Kalyani Nagaraj

KK 

Kalyani Nagaraj, Ph.D.
LinkedIn: http://linkedin.com/in/kalyaninagaraj
GitHub: https://github.com/kalyaninagaraj/

A Brief Bio

Prior to joining Oklahoma State Univesity's School of Industrial Engineering and Management as an Assistant Professor in 2016, I was a Visiting Assistant Professor in the Department of Statistics at University Purdue University from 2014 to 2016. I graduated with a Masters and a Ph.D. in Industrial and Systems Engineering (Operations Research) from Virginia Tech in 2008 and 2014, respectively, and a Bachelors in Engineering from University of Pune in 2007.

Research Highlights

I. Learning Methods for Synthesizing Social-Contact Networks

We develop a networked epidemiology framework to understand how targeted containment strategies can ebb the tide of an influenza-like disease epidemic in densely populated urban regions like the National Capital Territory of Delhi, India.
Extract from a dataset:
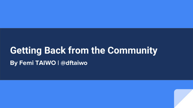 Stories and highlights from different developers in Nigeria who have gained back from the community, how they did and what to think about when you want to.
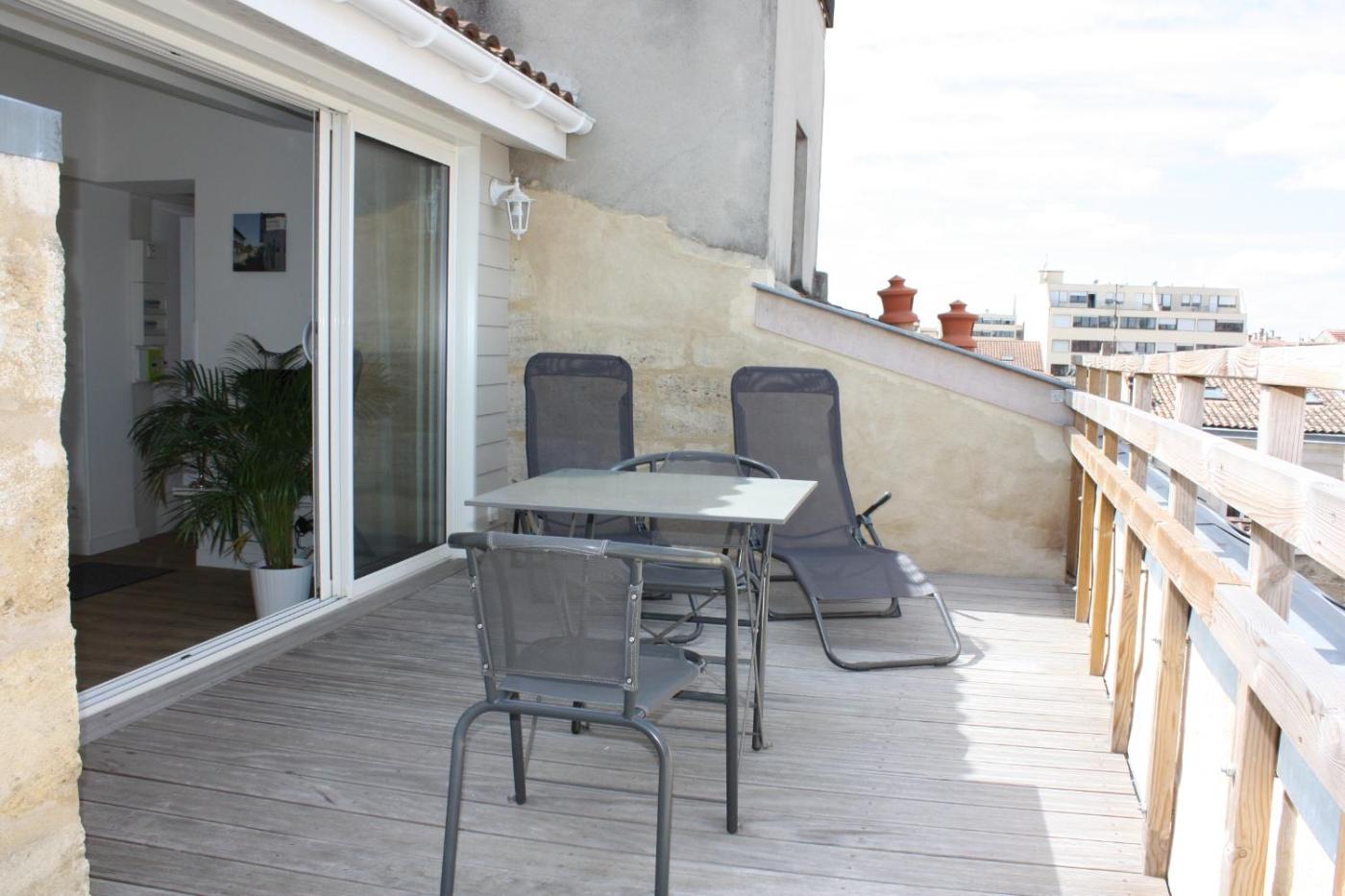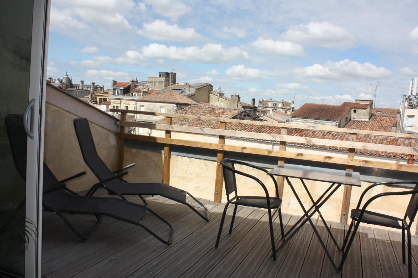 Studio avec Terrasse. Cet appartement mansardé est situé au 3e étage sans ascenseur. Vous profiterez d’une vue sur le clocher de l’église Saint-Michel et sur les toits de Bordeaux. Le logement comprend 1 grand lit et 1 lit simple.

A key contribution of this work is a methodology for the synthesis of a realistic individual-based social contact network (specifically for Delhi) using a wide variety of open source and commercial data. New simulation-based techniques were developed to infer daily activities for individuals using aggregate data published in transportation science literature, human development surveys, and targeted local surveys. An annotated map of Delhi in Figure 1 illustrates the daily travel patterns of a typical three-member family generated by our algorithm.

Activities of a family in the synthesized population
Figure 1: Each member in this synthetically generated family has distinct travel “routes”, each marked with a different coloured line. The father's travel sequence – from home to work-place to another location and then back home – is marked in thick red lines. The mother (solid thin black lines) goes to the mall and then to work before heading back home. And their son travels only to school and back (dashed blue lines) on a typical weekday.


The family's activity times, travel times, geo-coordinate data, all of which are also synthesized from existing survey and census data, are then used to infer people-to-people contacts. A contact is said to occur between two persons if their times at a location overlap. The resulting social contact network is the first such network constructed for any urban region of India. This time varying, spatially explicit graph network has over 13 million people with more than 200 million person-to-person contacts. We test this network using a high performance agent-based simulation to study how an influenza-like illness would spread over Delhi, and how a combination of well-understood pharmaceutical and non-pharmaceutical containment strategies can contain a possible pandemic.

II. Simulation Optimization

Stochastic simulations are increasingly used to model complex, real-world systems like weather, financial markets, and emergency health care systems. The outcomes of these simulations (for example, the number of people that will be affected by an emerging pandemic) are naturally subject to uncertainty. Moreover, they often have no known functional form. The optimization questions that then arise (for example, how to minimize the casualty count in a pandemic with the right containment strategies), and the development of simulation-based methodology that brings about these desired efficiencies, has become a research area of great importance.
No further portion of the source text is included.